* **Provided data**:
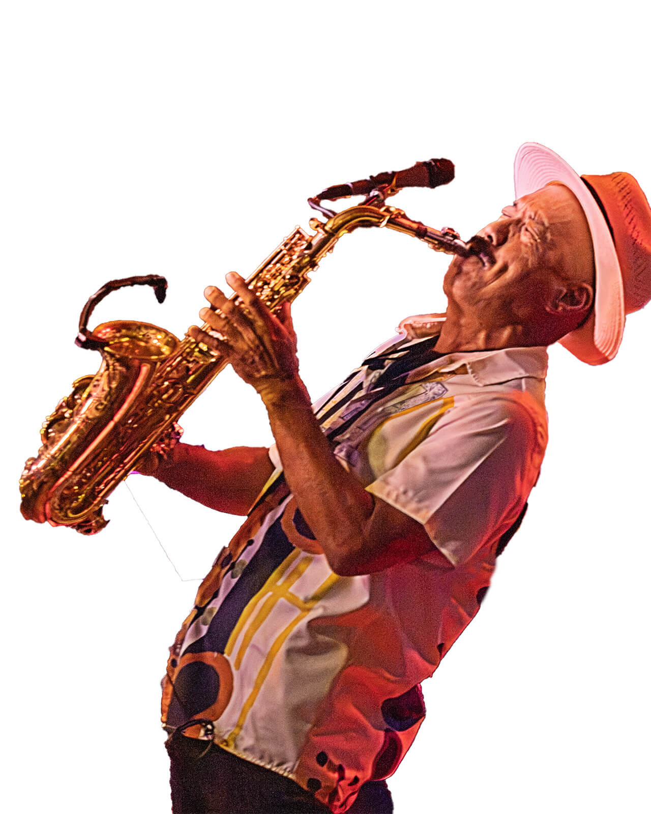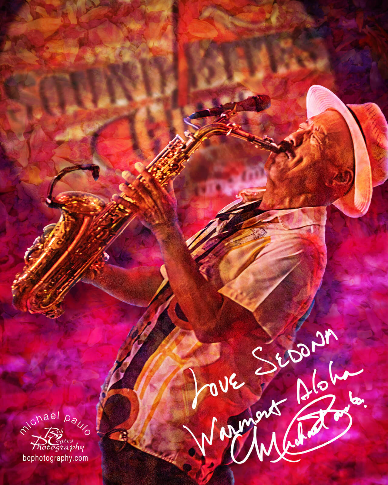 In this case, it was going to feature a single artist. Saxophonist Michael Paulo is an incredible energy on stage bringing up all the artists around him! I wanted to show him with that kind of energy in his Wall of Fame art piece. In my mind with his arched back and intense expression hitting those notes this was the pose.
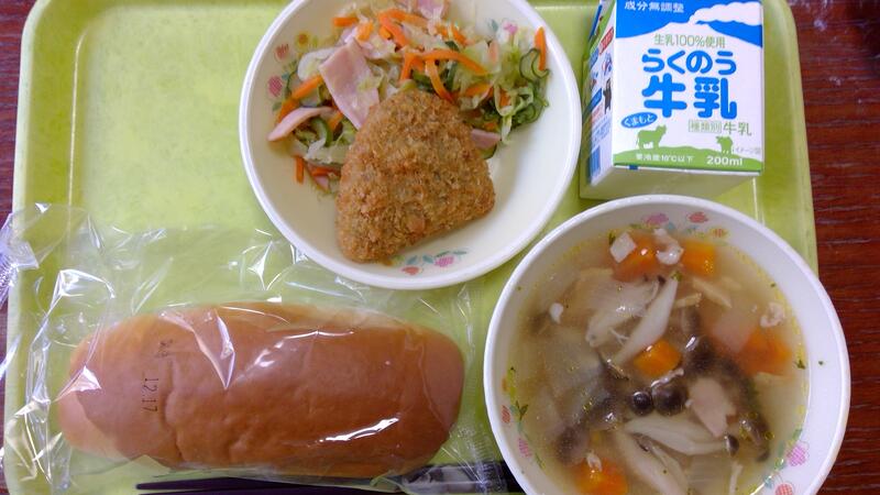 今日の献立は、ミルクパン、かぼちゃフライ、ハムサラダ、ポテトスープでした。かぼちゃフライは昭和の時代からの給食人気メニューです。保護者の皆様も給食で食べられたことがあるのではないでしょうか。
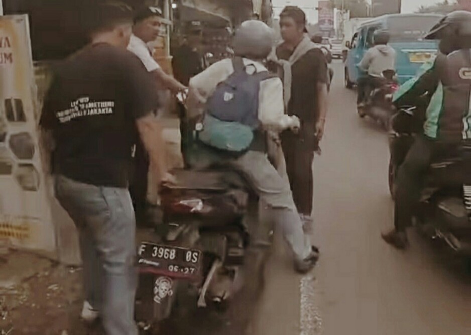 Kali ini, seorang pengendara sepeda motor yang melintas di Jalan Raya Bogor tepatnya sebelum persimpangan Pekapuran, Cimanggis, Depok, Jawa Barat dihentikan sekelompok orang yang diduga mata elang atau debt collector, Senin(14/7/2025).
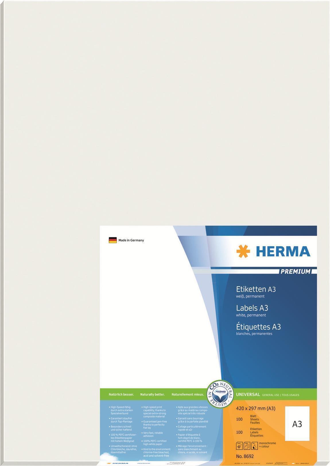 HERMA Premium - Permanenter Klebstoff - weiß - A3 (297 x 420 mm) 100 Stck. (100 Bogen x 1) Etiketten

* **Prompt**: Only the lines starting at the one that holds "今日の献立は、ミルクパン、か" and ending at the last line of the data belong in your answer. Please set them down exactly and omit the pictures.

* **Solved problem**:
 今日の献立は、ミルクパン、かぼちゃフライ、ハムサラダ、ポテトスープでした。かぼちゃフライは昭和の時代からの給食人気メニューです。保護者の皆様も給食で食べられたことがあるのではないでしょうか。
 Kali ini, seorang pengendara sepeda motor yang melintas di Jalan Raya Bogor tepatnya sebelum persimpangan Pekapuran, Cimanggis, Depok, Jawa Barat dihentikan sekelompok orang yang diduga mata elang atau debt collector, Senin(14/7/2025).
 HERMA Premium - Permanenter Klebstoff - weiß - A3 (297 x 420 mm) 100 Stck. (100 Bogen x 1) Etiketten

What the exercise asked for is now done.